On Intel and AMD processors, a virtual address is a combination of a segment number and a linear address, or segment_number:linear_address and even on 64b architecture segmentation is still necessary. So in long mode, a code virtual address is never just 0xLinearAddress but always cs:0xLinearAddress, data is ds:0xLinearAddress, stack is ss:0xLinearAddress, and so on, where cs, ds, ss register holds a WORD value corresponding to an index (with the 2 least significant bit OR-ed, designating the CPL) . The segment number will be added to the value of the register gdtr and will get the segment descriptor:

kd> r cs, rip, gdtr
cs=0010 rip=fffff80041e811e0, gdtr=fffff80044b5dfb0
kd> dd @gdtr + @cs l2
fffff800`44b5dfc0  00000000 00209b00
kd> .formats 00209b00
[...]
Binary:  [..] 00000000 00100000 10011011 00000000

Which we can parse combined with the format given by the AMD manual:

image_alt (Src: AMD Programmer's Manual Volume 2)

0x00209b00   = 0000 0000 ‭ 0010 0000 1001 1011 0000 0000‬
               [BaseL  ]  gdLa      P| 1 1CRA [BaseM  ]
                                     |
                                     ↳ DPL=0

0x00000000   = 0000 0000  0000 0000  0000 0000  0000 0000
               [ BaseAddress 15:0 ]  [  Seg Limit 15:0  ]

The current CPL being given by the 2 lowest bytes of CS, it is now easy to understand how the CPU performs privilege check: by simply comparing the CPL from CS register and DPL from the segment descriptor, or if you prefer a visual diagram from the AMD manual:

image_alt (Src: AMD Programmer's Manual Volume 2)

As we saw earlier, the Address and Limit parts of the descriptor are equal to 0 in Long-Mode (64-bit) - this may be the source of confusion I read in some blog posts (but no name shaming, it's not the point 😋).

Also if you're lazy (like me) and addicted to WinDbg (like me), the dg command will pretty-print all those info for you:

kd> dg @cs
                                                    P Si Gr Pr Lo
Sel        Base              Limit          Type    l ze an es ng Flags
0010 00000000`00000000 00000000`00000000 Code RE Ac 0 Nb By P  Lo 0000029b

kd> dg @ds
                                                    P Si Gr Pr Lo
Sel        Base              Limit          Type    l ze an es ng Flags
002B 00000000`00000000 00000000`ffffffff Data RW Ac 3 Bg Pg P  Nl 00000cf3

There's more to say about the Segmentation, but for our purpose (reminder: how does the CPU goes from VA to PA?)

Paging

Preparing this post, I came across this blog post that @33y0re wrote recently, and where he did a really good job summarizing how paging works on x86-64 long-mode, and how to explore it on Windows. Therefore I will send you reader to his article, and assume from then on you know of PML4, PDPT, PD, PT and what a canonical linear address is.

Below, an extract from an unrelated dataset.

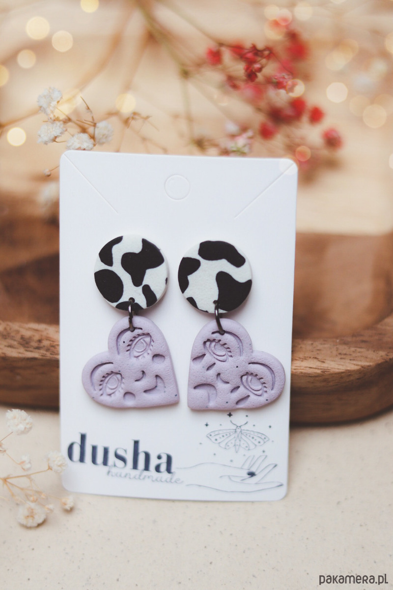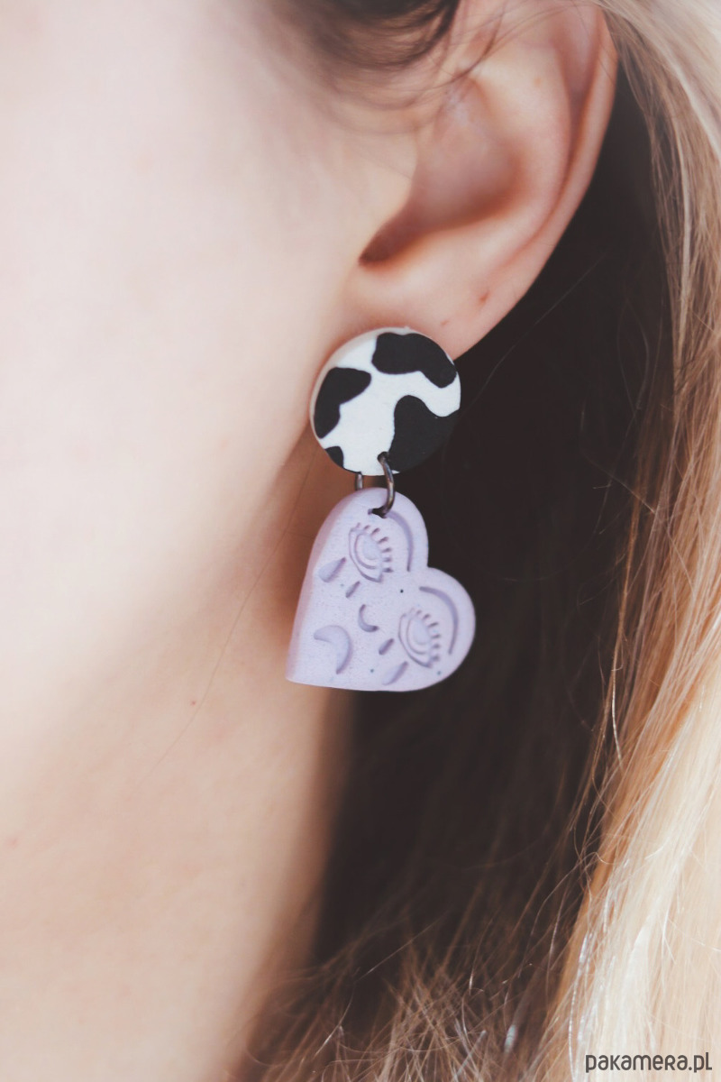Elementy w kształcie serc utrzymane są w delikatnym, liliowym odcieniu fioletu, a okrągłe podstawy ozdobiono łaciatym, czarno-białym wzorkiem.

The best summary can be given by this diagram (again from AMD's manual)

image_alt (Src: AMD Programmer's Manual Volume 2)

What & why the hell is "Self-Reference PML4 entry" ?

Back to the question, how the CPU goes from VA to PA, there is an intrinsic problem: the CPU only uses virtual address so how could the processor manipulates the permissions, flags, etc. of those PTEs which are physical? Simply by mapping the PTE tables in VAS, right? But that creates a recursive problem, because we still don't know how to go from VA to PA. And that's precisely where "Self-Reference PML4 entry" comes in. But let's go back a bit.

When a new process is created, a new PML4 is also allocated holding the physical root address for our process address space. From that physical root address and with all the offsets from the VA itself, the MMU can crawl down the physical page directories until getting the wanted data (see "Paging" above). This physical address is stored in the nt!_KPROCESS structure of the process, precisely in _KPROCESS.DirectoryTableBase.

To experiment this behavior, we can create a simple program that will only int3 so that KD gets the hand while still in user-mode:

void main() {__asm__("int3;"); }

Compile and execute, and as expected KD notifies the breakpoint:

Break instruction exception - code 80000003 (first chance)
int3+0x6d08:
0033:00007ff7`83f26d08 cc              int     3
kd> dx @$curprocess.KernelObject.Pcb.DirectoryTableBase
@$curprocess.KernelObject.Pcb.DirectoryTableBase : 0x762ec002 [Type: unsigned __int64]
kd> dx @$curprocess.KernelObject.Pcb.DirectoryTableBase == @cr3
@$curprocess.KernelObject.Pcb.DirectoryTableBase == @cr3 : true

So when a process switch occurs, the kernel can move nt!_EPROCESS.KernelObject.Pcb.DirectoryTableBase into cr3 (that mov operation forcing the TLB cache being flushed), given the newly running process the illusion of having a clean full virtual address space, and by the same way physically isolating processes.

But we slightly digressed, back to the topic: in order to map in the VAS our PML4 which is in physical address space, the kernel needs a way to always know at least one entry of the PML4: this is the "Self-Reference Entry". Also seen to be called "auto-entry", the Self-Reference Entry (or "self-ref entry" for short) is a special PML4 index (so then only 9-bit in size) that only the kernel knows (hence between 0x100-0x1ff), and whose content points the physical address of the PML4 itself. By doing so, Windows kernel gives itself an easy way to reach by a virtual address, any directory (PML4, PDPT, PDE, etc.).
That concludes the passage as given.